§ **RECORDED DATA**:
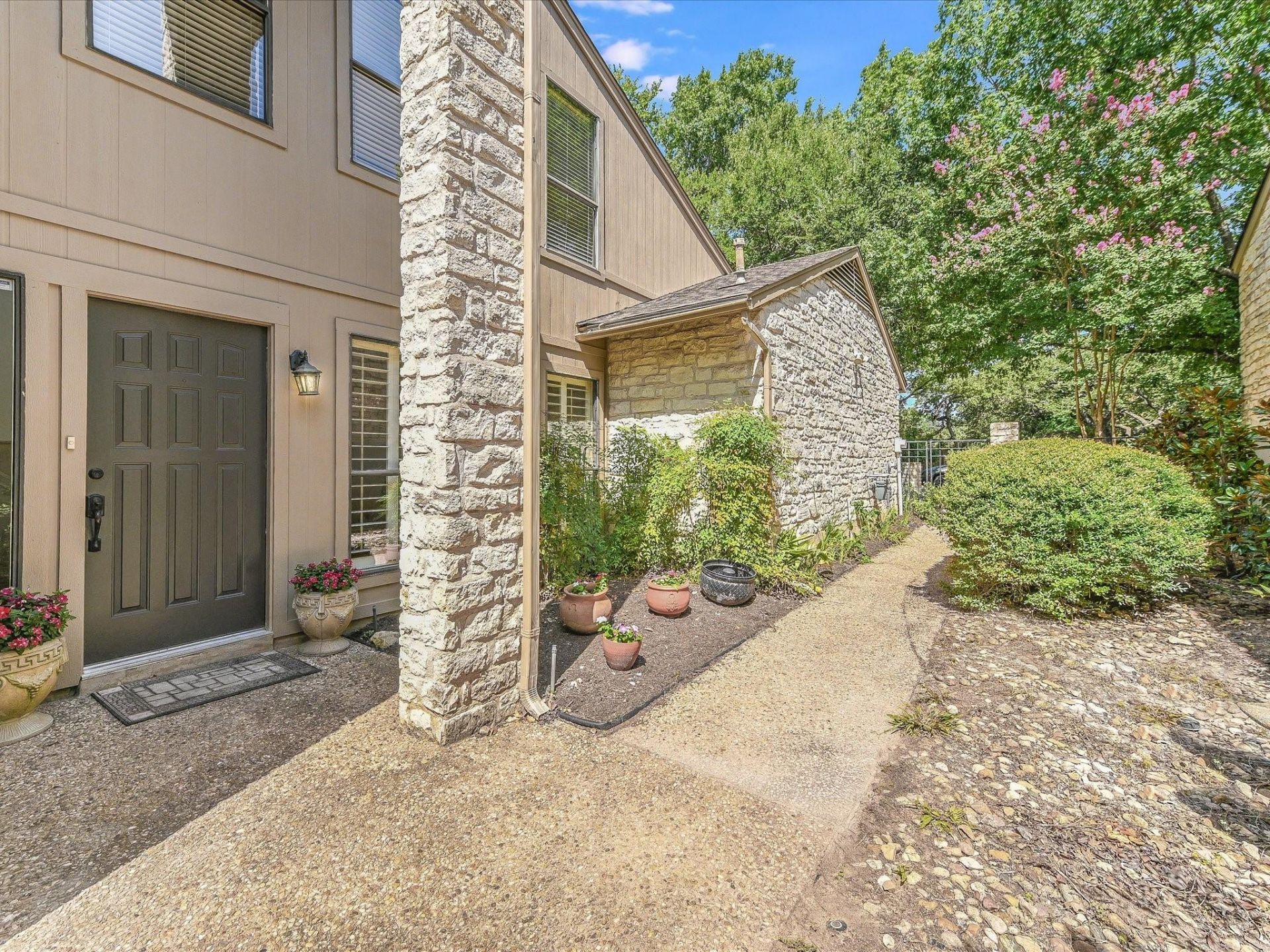 Well-maintained, free-standing townhome with no adjoining neighbors. Enjoy a quiet community with amenities, including pool, tennis/pickleball and clubhouse. Conveniently located close to restaurants, grocery stores and schools. Highlights include soaring ceilings, lots of natural light, and shaded backyard sanctuary. Master bedroom, large dining and living areas, spacious kitchen with adjoining laundry room are all downstairs. Two additional bedrooms, full bathroom and flex room are upstairs. Plenty of parking space with a 2-car garage, driveway and cul-de-sac.
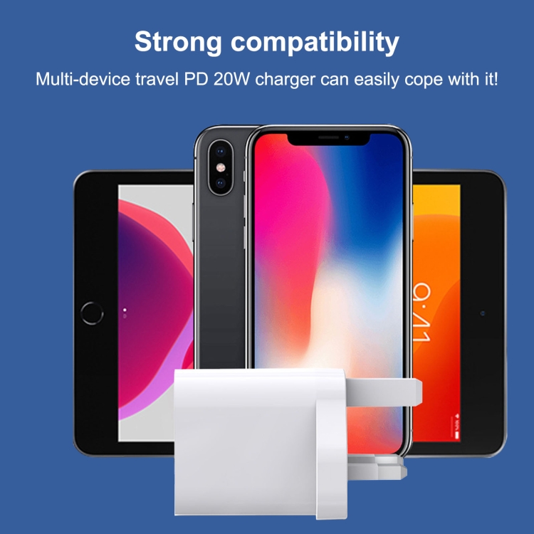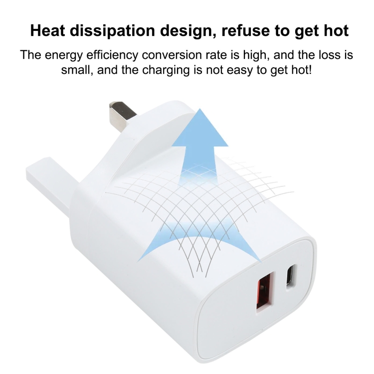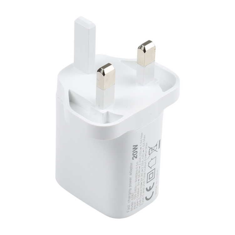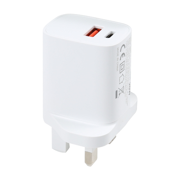 E087 20W USB-C / Type-C + USB Ports Fast Charging Travel Charger, UK Plug
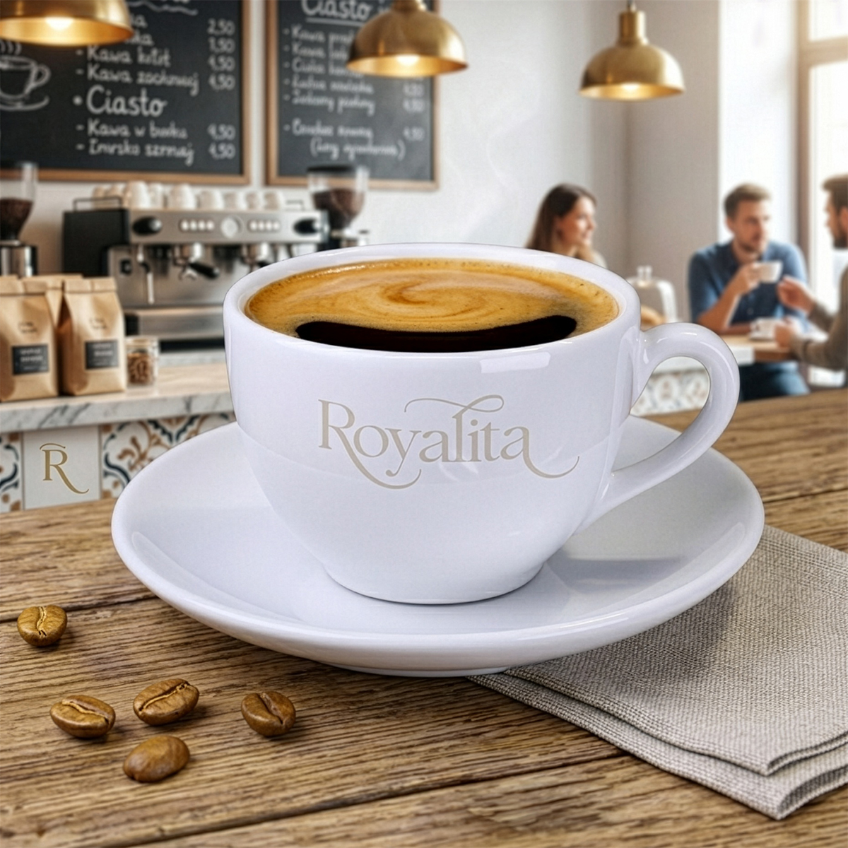 Klasyczna filiżanka o grubych ściankach i eleganckim kształcie. Wykonana z pięknej porcelany europejskiej. Posiada wygodne i ergonomiczne ucho.

§ **EXERCISE REQUIREMENTS**:
An exact copy of the listing above, minus its pictures, is what is needed here.

§ **EXERCISE RESPONSE**:
 Well-maintained, free-standing townhome with no adjoining neighbors. Enjoy a quiet community with amenities, including pool, tennis/pickleball and clubhouse. Conveniently located close to restaurants, grocery stores and schools. Highlights include soaring ceilings, lots of natural light, and shaded backyard sanctuary. Master bedroom, large dining and living areas, spacious kitchen with adjoining laundry room are all downstairs. Two additional bedrooms, full bathroom and flex room are upstairs. Plenty of parking space with a 2-car garage, driveway and cul-de-sac.
 E087 20W USB-C / Type-C + USB Ports Fast Charging Travel Charger, UK Plug
 Klasyczna filiżanka o grubych ściankach i eleganckim kształcie. Wykonana z pięknej porcelany europejskiej. Posiada wygodne i ergonomiczne ucho.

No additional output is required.